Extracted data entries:
[Start of Attachment]

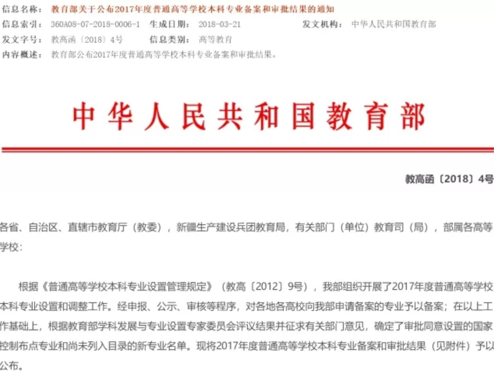 日前,教育部公布2017普通高校本科专业备案和审批结果。p站视频 新增本科专业3个,其中新增备案本科专业2个,新增审批本科专业1个。
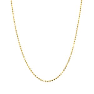 Introducing the exquisite 14 k Yellow Gold Diamond Cut Bead Chain, a timeless piece that adds a touch of elegance to any outfit. This delicate chain is perfect for layering or wearing solo, making it a versatile addition to your jewelry collection.
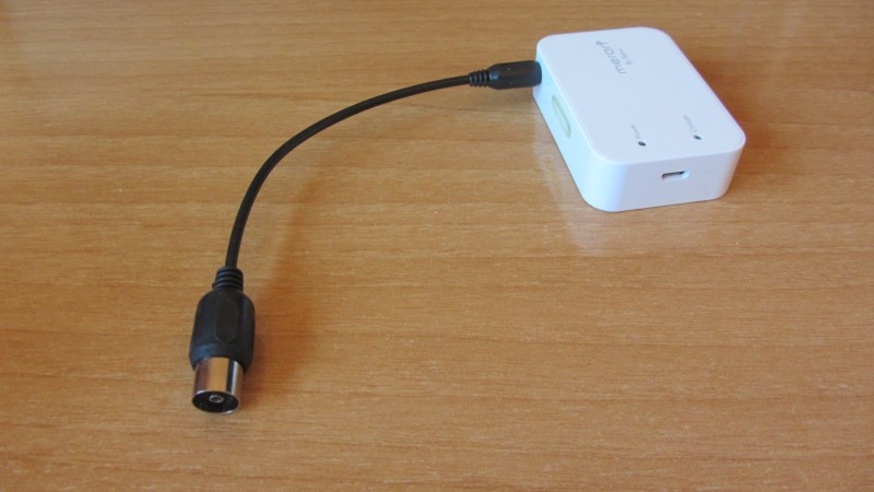 Ampliamos la review tras recibir el cable para conectarlo a la antena de casa, el cable lo podéis conseguir en ebay desde 1,5€ aproximadamente, la calidad mejora al conectarlo a la antena aunque en los canales hd en algunos tiene algunos cortes ( la señal donde lo he probado tampoco tiene mucha potencia con lo que quedaría probar en otro antena para ver diferencias)
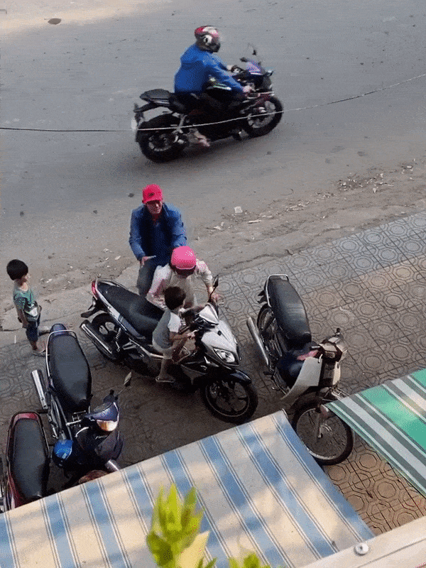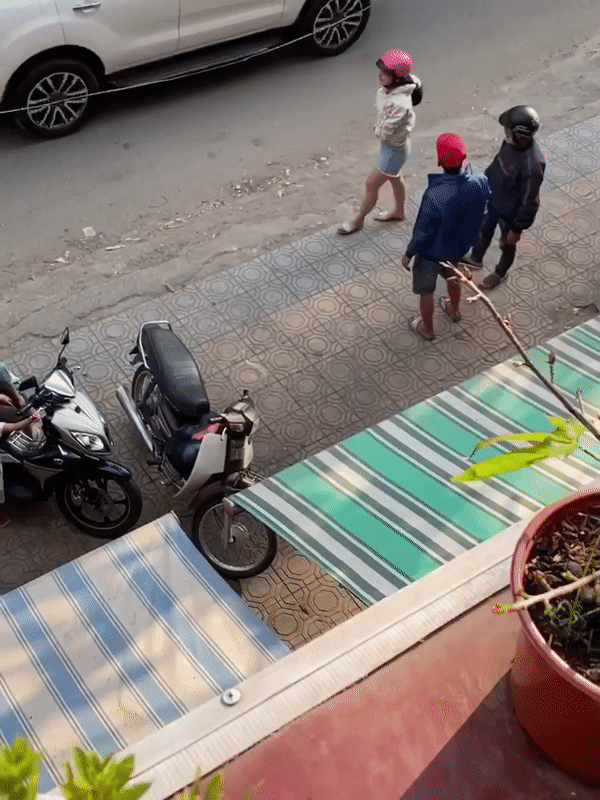 Sau khi đứng dậy, người vợ đã tiến tới chiếc xe máy nơi có 2 con nhỏ (khoảng 3-4 tuổi) đang đứng chờ. Tuy nhiên, người chồng sau đó lại lao đến chửi mắng rồi đánh vợ. Đáng nói, trước mặt 2 con, người chồng vẫn hung hăng giật tóc vợ, đẩy vợ ngã xuống đường. Chứng kiến cảnh tượng này, 2 đứa trẻ nhỏ đã vô cùng sợ hãi nhưng bất lực vì chẳng thể làm được gì. Thấy vậy, một người đã đến can ngăn và khuyên nhủ nhưng người đàn ông vẫn liên tục chửi mắng vợ mình.
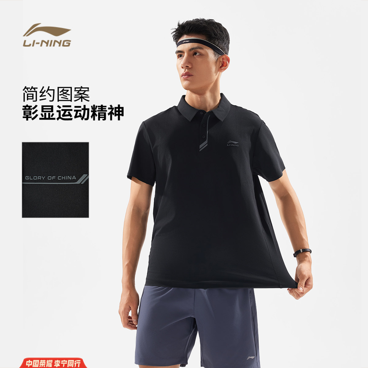 李宁荣耀系列短袖POLO衫男士官方新款春夏翻领T恤针织上衣运动服

[End of Attachment]

WORK ITEM:
Transcribe the entries above exactly, from their first line through the line with "Introducing the exquisite", and omit all pictures.

WRITTEN ANSWER:
 日前,教育部公布2017普通高校本科专业备案和审批结果。p站视频 新增本科专业3个,其中新增备案本科专业2个,新增审批本科专业1个。
 Introducing the exquisite 14 k Yellow Gold Diamond Cut Bead Chain, a timeless piece that adds a touch of elegance to any outfit. This delicate chain is perfect for layering or wearing solo, making it a versatile addition to your jewelry collection.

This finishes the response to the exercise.